#### TASK STATEMENT:
Look through the data below for the line with "二号沉船:大量码放整齐的原木堆积" and the line with "Arnold Render Logs", then transcribe exactly from the first through the second, leaving out all pictures.

#### MATERIALS PROVIDED:
↓↓↓

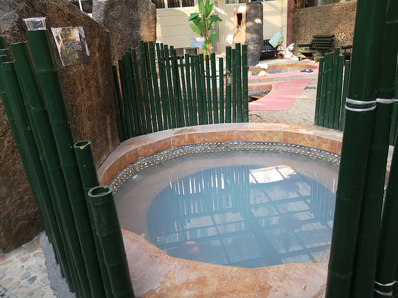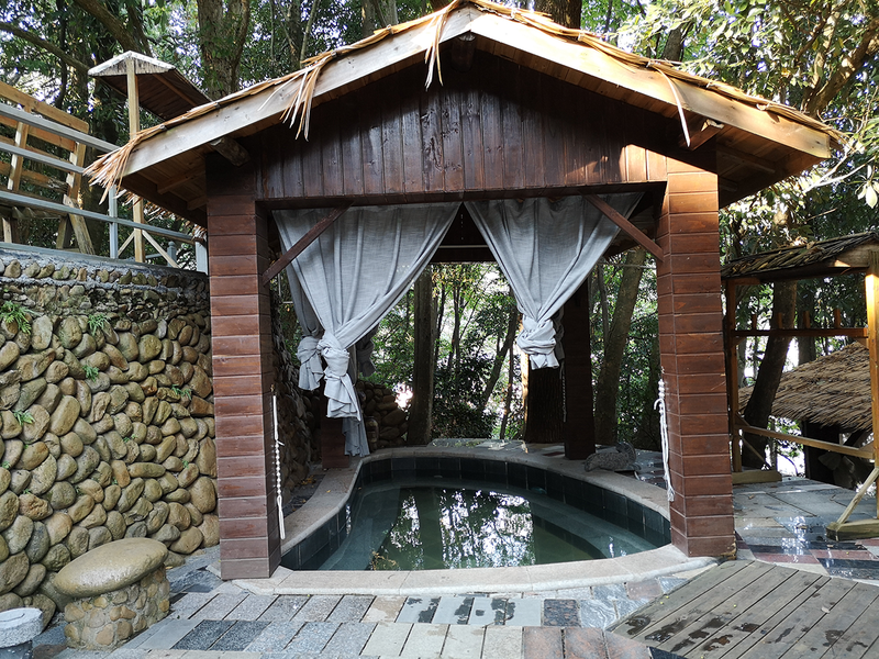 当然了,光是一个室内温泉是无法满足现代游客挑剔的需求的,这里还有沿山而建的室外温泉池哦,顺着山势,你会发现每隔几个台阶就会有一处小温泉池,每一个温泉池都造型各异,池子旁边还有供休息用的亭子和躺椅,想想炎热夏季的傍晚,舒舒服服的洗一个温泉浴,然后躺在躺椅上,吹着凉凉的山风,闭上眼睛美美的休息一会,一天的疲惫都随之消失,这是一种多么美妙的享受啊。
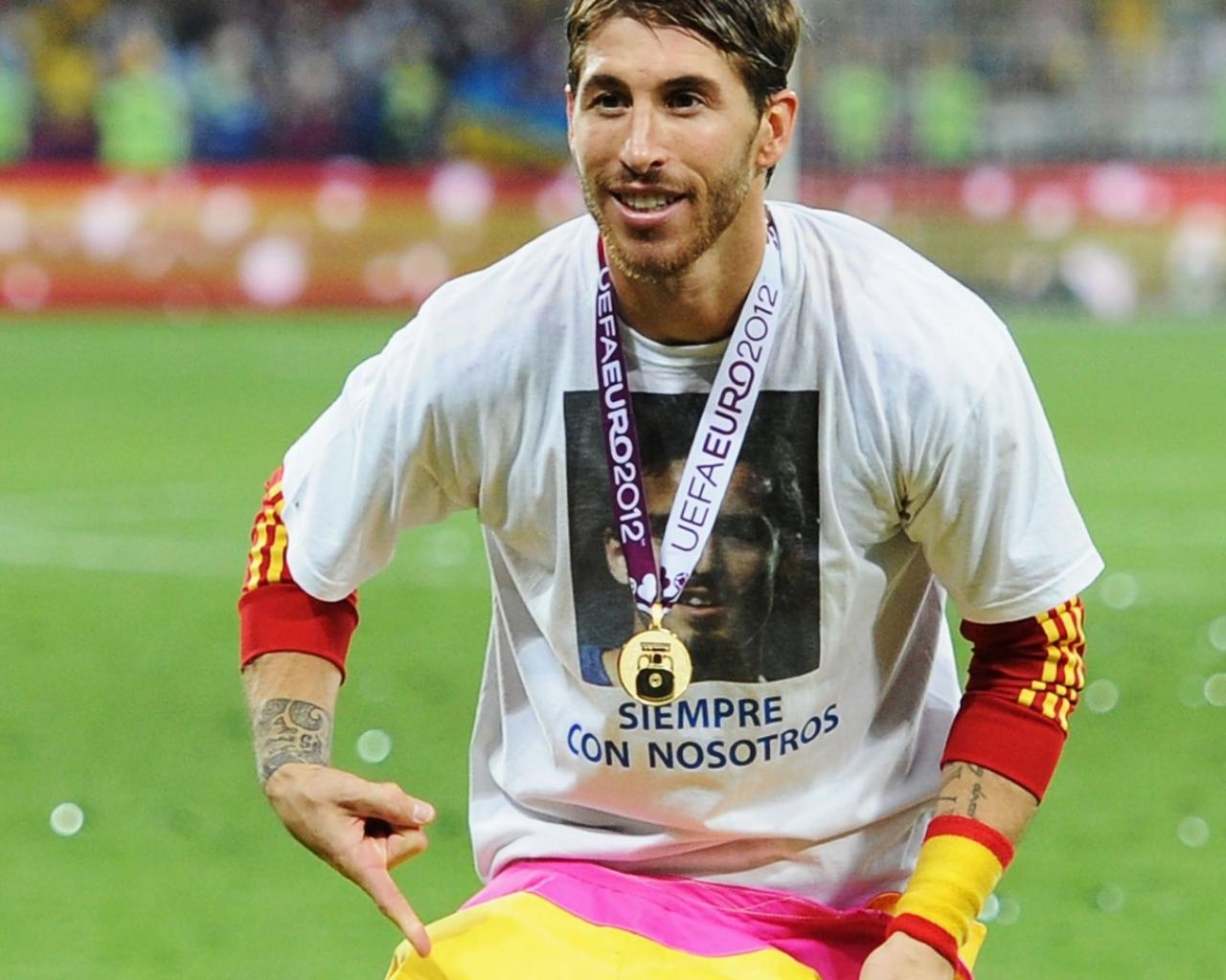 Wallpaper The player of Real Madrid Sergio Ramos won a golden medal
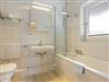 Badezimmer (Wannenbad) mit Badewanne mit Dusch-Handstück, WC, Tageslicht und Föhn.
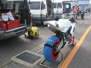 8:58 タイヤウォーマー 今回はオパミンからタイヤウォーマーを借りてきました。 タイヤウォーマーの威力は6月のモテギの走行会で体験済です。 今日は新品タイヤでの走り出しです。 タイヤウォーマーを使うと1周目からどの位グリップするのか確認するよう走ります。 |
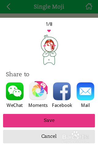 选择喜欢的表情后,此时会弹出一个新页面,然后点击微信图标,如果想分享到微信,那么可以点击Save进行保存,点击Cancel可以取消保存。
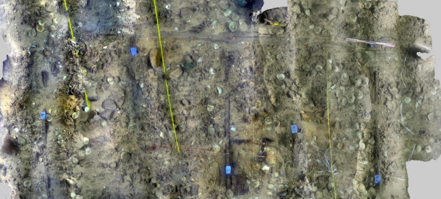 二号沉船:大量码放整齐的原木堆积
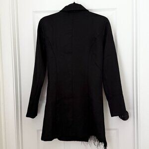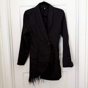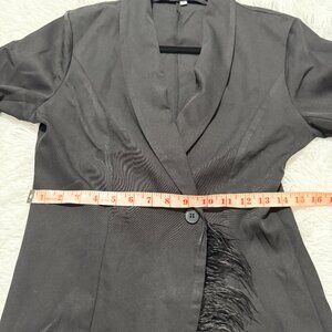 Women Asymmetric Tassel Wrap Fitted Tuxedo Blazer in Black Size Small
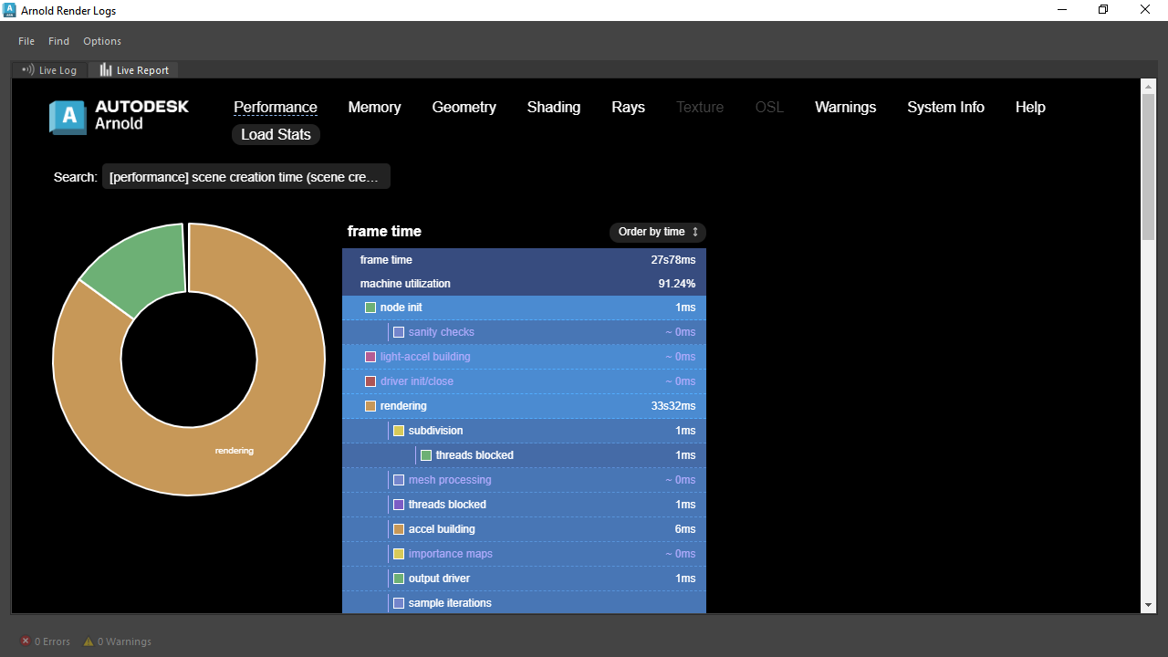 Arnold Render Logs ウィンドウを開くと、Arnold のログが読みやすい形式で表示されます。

↑↑↑
↓↓↓

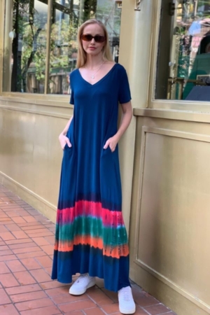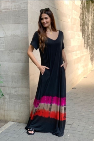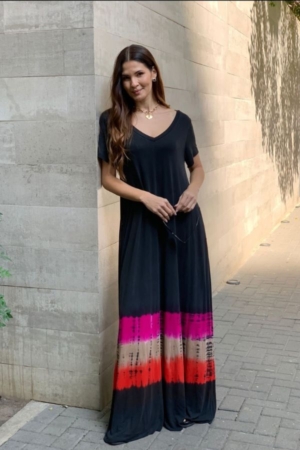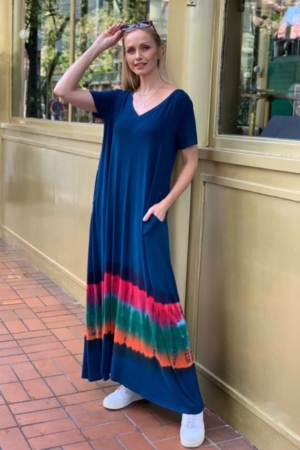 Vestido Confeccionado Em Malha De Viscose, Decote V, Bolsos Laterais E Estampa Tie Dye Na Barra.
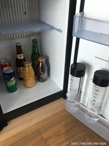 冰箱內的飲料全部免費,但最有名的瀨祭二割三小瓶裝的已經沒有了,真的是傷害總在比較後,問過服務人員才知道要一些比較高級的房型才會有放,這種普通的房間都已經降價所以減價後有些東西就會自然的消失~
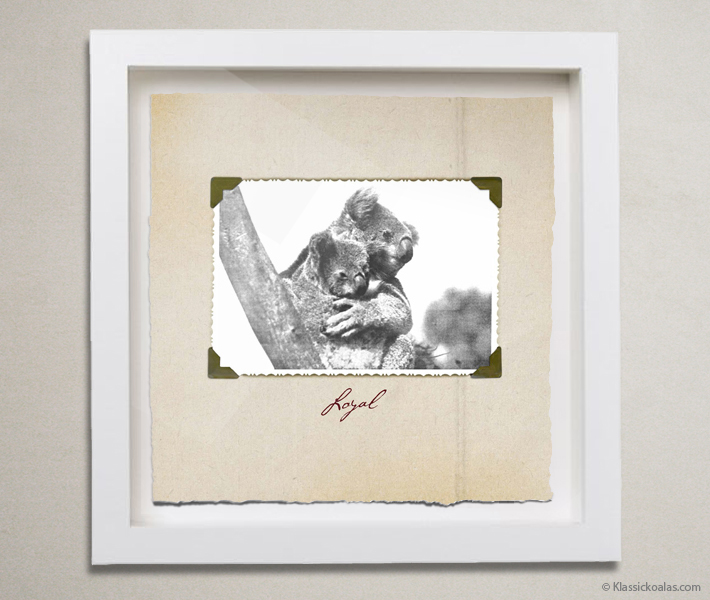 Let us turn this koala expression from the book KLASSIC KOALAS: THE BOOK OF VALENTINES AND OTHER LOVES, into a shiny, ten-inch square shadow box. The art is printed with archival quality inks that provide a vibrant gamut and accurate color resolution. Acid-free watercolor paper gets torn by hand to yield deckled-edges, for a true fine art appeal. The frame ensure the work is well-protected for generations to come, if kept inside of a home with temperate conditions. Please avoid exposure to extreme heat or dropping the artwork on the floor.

↑↑↑

#### TASK RESPONSE:
 二号沉船:大量码放整齐的原木堆积
 Women Asymmetric Tassel Wrap Fitted Tuxedo Blazer in Black Size Small
 Arnold Render Logs ウィンドウを開くと、Arnold のログが読みやすい形式で表示されます。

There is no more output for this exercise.